*** Data extract Section Begins ***
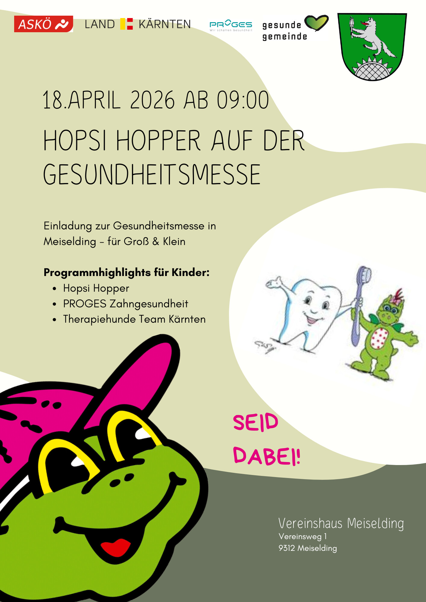 • ASKÖ Landesverband Kärnten Testet Reaktions- und Gleichgewichtsfähigkeit – spielerisch und spannend für jedes Alter! Für unsere Kleinen wartet Hopsi Hopper mit einem tollen Programm
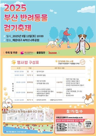 한국현대미술신문 정소영 기자 | 부산시는 오는 13일 오전 10시부터 12시까지 해운대구 에이팩(APEC)나루공원 일원에서 '2025 부산 반려동물 걷기 축제'를 개최한다고 밝혔다.
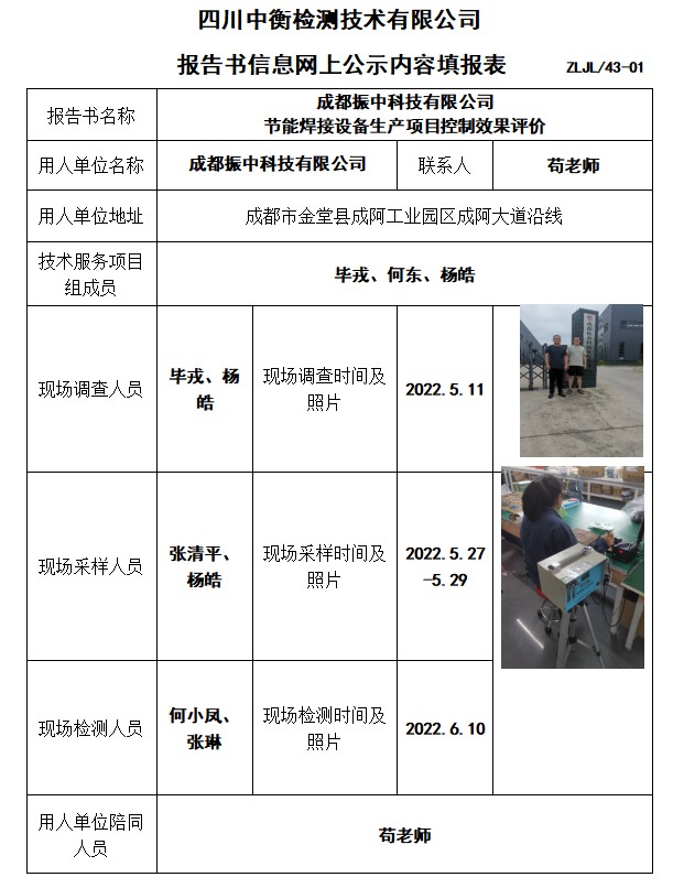 成都振中科技有限公司 节能焊接设备生产项目控制效果评价
*** Data extract Section Ends ***
## What is needed
I need the lines from the line holding "한국현대미술신문 정소영 기자" through the end of the material, inclusive, restated word for word and without pictures.

## Response to the task
 한국현대미술신문 정소영 기자 | 부산시는 오는 13일 오전 10시부터 12시까지 해운대구 에이팩(APEC)나루공원 일원에서 '2025 부산 반려동물 걷기 축제'를 개최한다고 밝혔다.
 成都振中科技有限公司 节能焊接设备生产项目控制效果评价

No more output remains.